Sometimes, and certainly moreso lately, I’d rather take the chance of not being able to make the trade next week than getting into a trade where the net premium is quite a bit less than I would think is appealing, due to the added costs.

Otherwise, it was a good week for rollovers and at least a couple of positions gained new cover. There was a net drain on cash reserves, with four new positions opened and only one assigned, but at least it was a good week in which to put some money to work.

Next week has lots of expirations coming due.
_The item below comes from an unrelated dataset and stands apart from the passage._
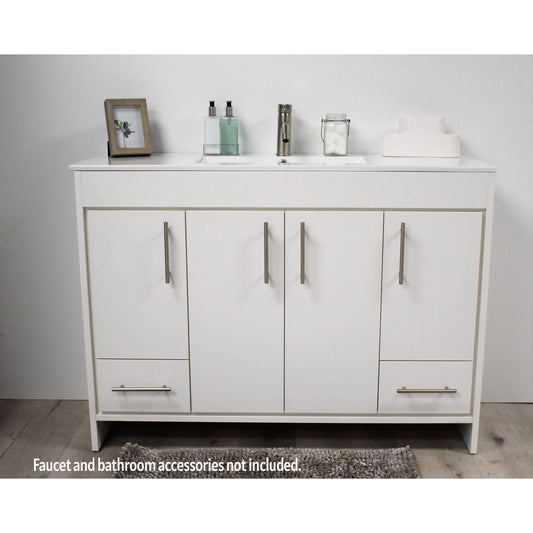 Volpa USA Pacific 48" White Freestanding Modern Bathroom Vanity With Integrated Ceramic Top and Brushed Nickel Round Handles

While I have funds available for new purchases the likelihood is that, where possible, I would look to the end of the option cycle, now just two weeks away, as the contract term.
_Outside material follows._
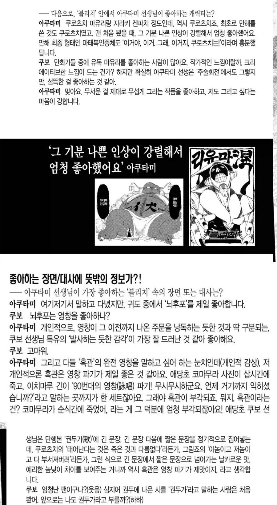 블리치말고도 그냥 만화광이니까 좋게 봐준 거 같기도 하고

The low volatiltiy, however, sometimes makes that hard to swallow, but uncharacteristically the cycle ending month is currently very sparsely populated, so next week may be a good time to fix that and diversify risk a little bit more.

For now, though, my only concern is that there’s a happy, health and safe July 4th holiday ahead for us all.


Still, there were more new records and one of those inexplicable triple digit moves that really had no beginning, but did have an end.

This was another one of those weeks that the entire market should have just taken a vacation.



This week’s details may be seen in the Weekly Performance spreadsheet * or in the PDF file, as well as as in the summary.below

(Note: Duplicate mention of positions reflects different priced lots):

New Positions Opened:  BMY, DG, HFC, WFM

Puts Closed in order to take profits:  none

Calls Rolled over, taking profits, into the next weekly cycle:  BMY, DG, JPM, KSS

Calls Rolled over, taking profits, into extended weekly cycle:  EBAY (7/25)

Calls Rolled over, taking profits, into the monthly cycle:  none

Calls Rolled Over, taking profits, into a future monthly cycle: none

Calls Rolled Up, taking net profits into same cyclenone


Put contracts expired: none

Put contract rolled over: none

Long term call contracts sold:  none

Calls Assigned:  LVS

Calls Expired:   HFC, KSS

Puts Assigned:  none

Stock positions Closed to take profits:  none

Stock positions Closed to take losses: none

Calls Closed to Take Profits: none

Ex-dividend Positions: BMY (7/1 $0.36), JPM (7/1 $0.40), WFM (7/1 $0.12)

Ex-dividend Positions Next Week:  GPS (7/7 $0.22), MA (7/7 $0.11), DRI (7/8 $0.55), FCX (7/11 $0.31)



For the coming week the existing positions have lots that still require the sale of contracts:   AGQ, BMY, C, CLF, COH, EBAY, FCX, HFC, JCP, KSS, LULU, MCP, MOS,  NEM, PFE, PBR , RIG, TGT, WFM, WLT (See “Weekly Performance” spreadsheet or PDF file)

* If you don’t have a program to read or modify spreadsheets, you can download the OpenOffice Suite at no cost.